• [AIM OF THE TASK]: Repeat each line of the data exactly as written.

Segment Open

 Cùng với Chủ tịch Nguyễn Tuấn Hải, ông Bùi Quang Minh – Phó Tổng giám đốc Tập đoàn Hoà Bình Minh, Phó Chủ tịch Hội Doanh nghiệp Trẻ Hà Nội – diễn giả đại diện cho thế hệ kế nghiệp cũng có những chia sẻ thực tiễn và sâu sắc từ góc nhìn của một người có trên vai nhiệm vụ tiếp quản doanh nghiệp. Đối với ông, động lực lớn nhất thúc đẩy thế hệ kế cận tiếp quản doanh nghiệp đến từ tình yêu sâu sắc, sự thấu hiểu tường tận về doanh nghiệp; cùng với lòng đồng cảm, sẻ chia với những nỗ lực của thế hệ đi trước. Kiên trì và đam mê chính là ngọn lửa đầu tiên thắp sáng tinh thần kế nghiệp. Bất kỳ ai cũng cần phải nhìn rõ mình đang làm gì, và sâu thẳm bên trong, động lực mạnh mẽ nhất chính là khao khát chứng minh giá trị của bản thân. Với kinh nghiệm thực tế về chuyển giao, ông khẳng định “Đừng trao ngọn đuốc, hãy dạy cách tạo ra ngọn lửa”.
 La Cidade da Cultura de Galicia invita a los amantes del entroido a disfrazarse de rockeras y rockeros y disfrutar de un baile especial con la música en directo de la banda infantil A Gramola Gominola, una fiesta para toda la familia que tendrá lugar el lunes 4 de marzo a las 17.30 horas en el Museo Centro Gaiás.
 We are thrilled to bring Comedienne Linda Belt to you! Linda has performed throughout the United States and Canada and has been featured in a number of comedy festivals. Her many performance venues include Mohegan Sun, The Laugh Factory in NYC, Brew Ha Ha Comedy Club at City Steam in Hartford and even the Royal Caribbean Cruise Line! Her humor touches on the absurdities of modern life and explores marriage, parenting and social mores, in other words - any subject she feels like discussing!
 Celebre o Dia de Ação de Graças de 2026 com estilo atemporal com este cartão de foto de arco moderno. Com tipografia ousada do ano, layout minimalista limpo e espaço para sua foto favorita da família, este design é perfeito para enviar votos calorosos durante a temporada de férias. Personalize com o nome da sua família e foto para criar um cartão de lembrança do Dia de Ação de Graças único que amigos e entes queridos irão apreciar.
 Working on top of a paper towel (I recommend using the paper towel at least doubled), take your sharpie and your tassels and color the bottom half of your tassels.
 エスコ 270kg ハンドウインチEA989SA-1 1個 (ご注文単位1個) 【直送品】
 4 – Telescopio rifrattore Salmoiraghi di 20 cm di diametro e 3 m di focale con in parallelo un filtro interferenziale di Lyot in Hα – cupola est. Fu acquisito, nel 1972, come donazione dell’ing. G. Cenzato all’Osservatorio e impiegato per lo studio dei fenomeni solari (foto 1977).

Segment Closed

• [ANSWER FOR THE TASK]:
 Cùng với Chủ tịch Nguyễn Tuấn Hải, ông Bùi Quang Minh – Phó Tổng giám đốc Tập đoàn Hoà Bình Minh, Phó Chủ tịch Hội Doanh nghiệp Trẻ Hà Nội – diễn giả đại diện cho thế hệ kế nghiệp cũng có những chia sẻ thực tiễn và sâu sắc từ góc nhìn của một người có trên vai nhiệm vụ tiếp quản doanh nghiệp. Đối với ông, động lực lớn nhất thúc đẩy thế hệ kế cận tiếp quản doanh nghiệp đến từ tình yêu sâu sắc, sự thấu hiểu tường tận về doanh nghiệp; cùng với lòng đồng cảm, sẻ chia với những nỗ lực của thế hệ đi trước. Kiên trì và đam mê chính là ngọn lửa đầu tiên thắp sáng tinh thần kế nghiệp. Bất kỳ ai cũng cần phải nhìn rõ mình đang làm gì, và sâu thẳm bên trong, động lực mạnh mẽ nhất chính là khao khát chứng minh giá trị của bản thân. Với kinh nghiệm thực tế về chuyển giao, ông khẳng định “Đừng trao ngọn đuốc, hãy dạy cách tạo ra ngọn lửa”.
 La Cidade da Cultura de Galicia invita a los amantes del entroido a disfrazarse de rockeras y rockeros y disfrutar de un baile especial con la música en directo de la banda infantil A Gramola Gominola, una fiesta para toda la familia que tendrá lugar el lunes 4 de marzo a las 17.30 horas en el Museo Centro Gaiás.
 We are thrilled to bring Comedienne Linda Belt to you! Linda has performed throughout the United States and Canada and has been featured in a number of comedy festivals. Her many performance venues include Mohegan Sun, The Laugh Factory in NYC, Brew Ha Ha Comedy Club at City Steam in Hartford and even the Royal Caribbean Cruise Line! Her humor touches on the absurdities of modern life and explores marriage, parenting and social mores, in other words - any subject she feels like discussing!
 Celebre o Dia de Ação de Graças de 2026 com estilo atemporal com este cartão de foto de arco moderno. Com tipografia ousada do ano, layout minimalista limpo e espaço para sua foto favorita da família, este design é perfeito para enviar votos calorosos durante a temporada de férias. Personalize com o nome da sua família e foto para criar um cartão de lembrança do Dia de Ação de Graças único que amigos e entes queridos irão apreciar.
 Working on top of a paper towel (I recommend using the paper towel at least doubled), take your sharpie and your tassels and color the bottom half of your tassels.
 エスコ 270kg ハンドウインチEA989SA-1 1個 (ご注文単位1個) 【直送品】
 4 – Telescopio rifrattore Salmoiraghi di 20 cm di diametro e 3 m di focale con in parallelo un filtro interferenziale di Lyot in Hα – cupola est. Fu acquisito, nel 1972, come donazione dell’ing. G. Cenzato all’Osservatorio e impiegato per lo studio dei fenomeni solari (foto 1977).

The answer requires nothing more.